Snaps
8 November 2019

Hungary’s budget numbers give the government more options

Hungary's year-to-date government deficit came in at just 58% of the year-end target in October. Driven mainly by EU projects, this surprise could give the government more options when it comes to spending

081119-image-hungary_parliament_building.jpg
Hungary's parliament building in Budapest

Hungary's October year-to-date balance of the cash-flow based general government budget showed a HUF 575.4bn deficit, only 57.6% of the full-year target. Budget execution is going better than planned, and it gives the government more wiggle room for more fiscal spending should it chose to do so. A year-end stimulus could translate into a higher fiscal impulse in 2020, counteracting a slowing economic activity.

Cash-flow based year-to-date central budget balance

Source: Ministry of Finance
Ministry of Finance

The monthly deficit came in at HUF 272bn out of which the majority (HUF 160bn) was related to net flows of EU money, as the government continued pre-financing with only a small amount of inflow from Brussels. Other than this, the different measures of the Economic Protection Action Plan are elevating the expenditure side. In November, another ad-hoc expenditure will burden the budget: a one-off premium for pensioners worth some HUF 50bn.

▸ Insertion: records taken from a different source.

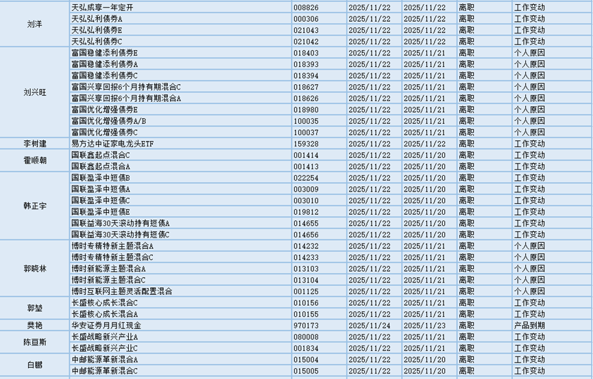 根据巨灵统计的数据显示,近30天(10.25-11.24)共有644只基金产品的基金经理发生离职变动。其中今天(11.24)有72只基金产品发布基金经理离职公告,从变动原因上来看,有15位基金经理是由于工作变动而从管理的40只基金产品中离职,有6位基金经理是由于产品到期而从管理的9只基金产品中离职。有3位基金经理是由于个人原因而从管理的23只基金产品中离职。
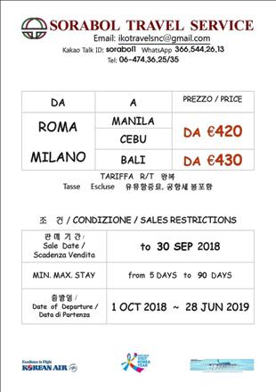 필리핀, 바리, 체부 항공권 대한항공
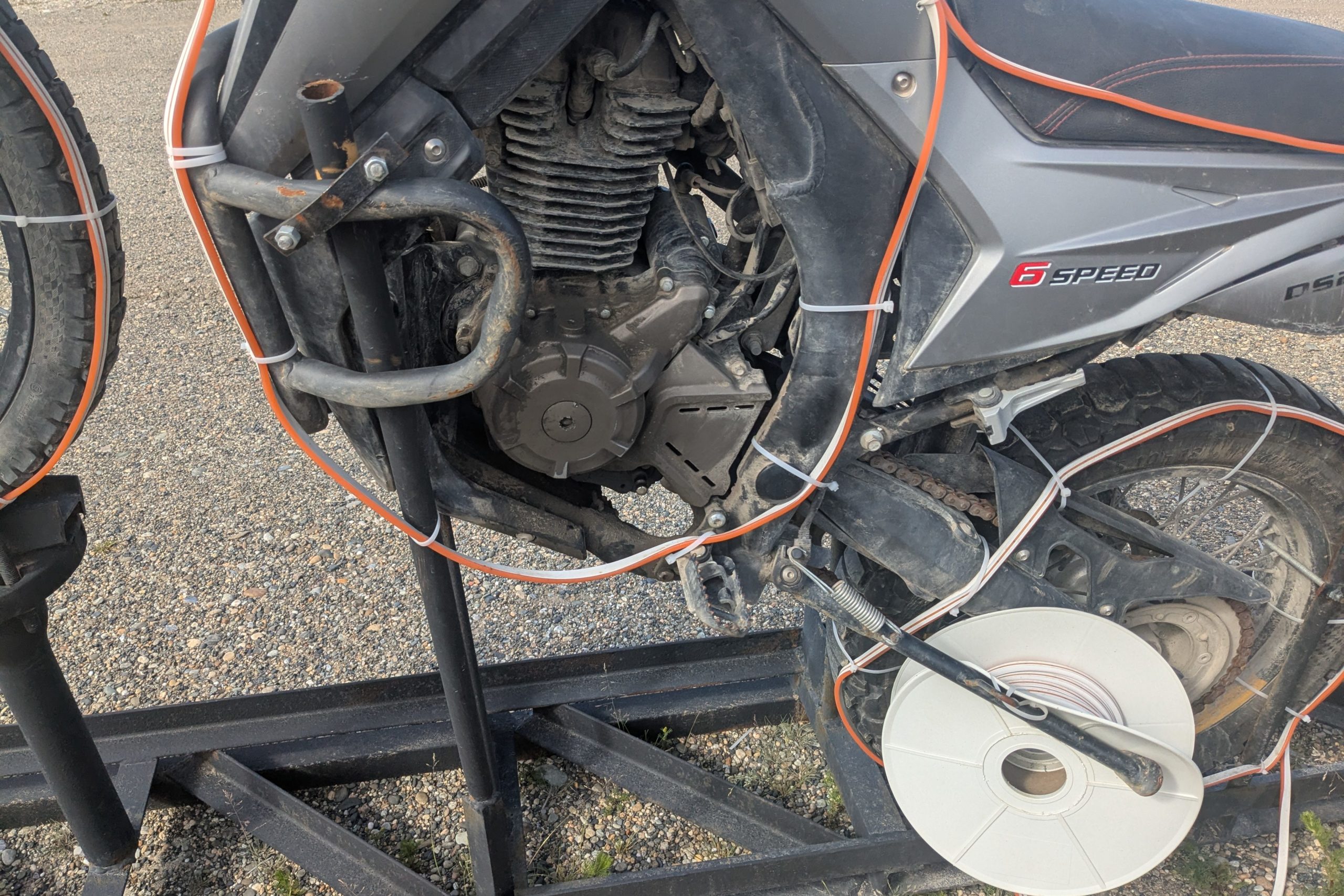 またずっと気になっていたシフトレバー。かなりユルユルで今にも取れてしまいそうなのである。本当は緩いだけで外れることは取付けの仕組み上多分無いんだけど、念の為宿の敷地にあったジャンクのバイクからシフトレバーを頂いた。これで一安心。
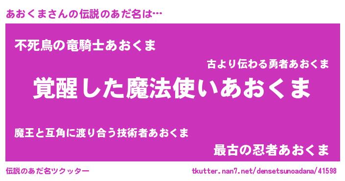 | 意味不明あだ名 | 『とにかく怪しいあおくま』 |
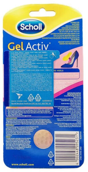 Az alábbi cipőméretekhez megfelelő: UK: 3-7,5; EU: 35-40,5; AUS: 4-8. 5,5 cm-nél nagyobb sarkú cipőkhöz megfelelő. 1 db GelActiv talpbetét; Scholl termék az optimális kényelemért.
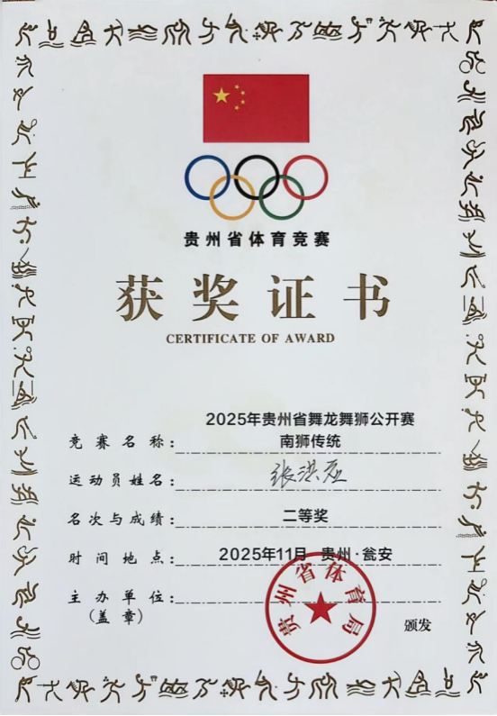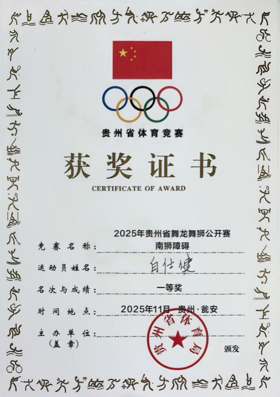 11月22日-23日,我校国旗护卫队(龙狮队)参加贵州省体育局举办的“2025年贵州省舞龙舞狮公开赛”,荣获南狮障碍项目一等奖、南狮传统项目二等奖、南狮竞速项目三等奖,获南狮团体项目第二名。

The revenues are still being driven by the tight labour market, high wage growth, elevated consumption and the retreat of the shadow economy. The collection of most taxes up to October rose to 81-88% of the budgeted revenue for 2019 as a whole; that's much higher than the average of the last four years. The revenue side of the budget is likely to overachieve. Should the government decide not to ramp up spending towards the end of the year, we see the final deficit figure coming in significantly better than the 1.8% of GDP target.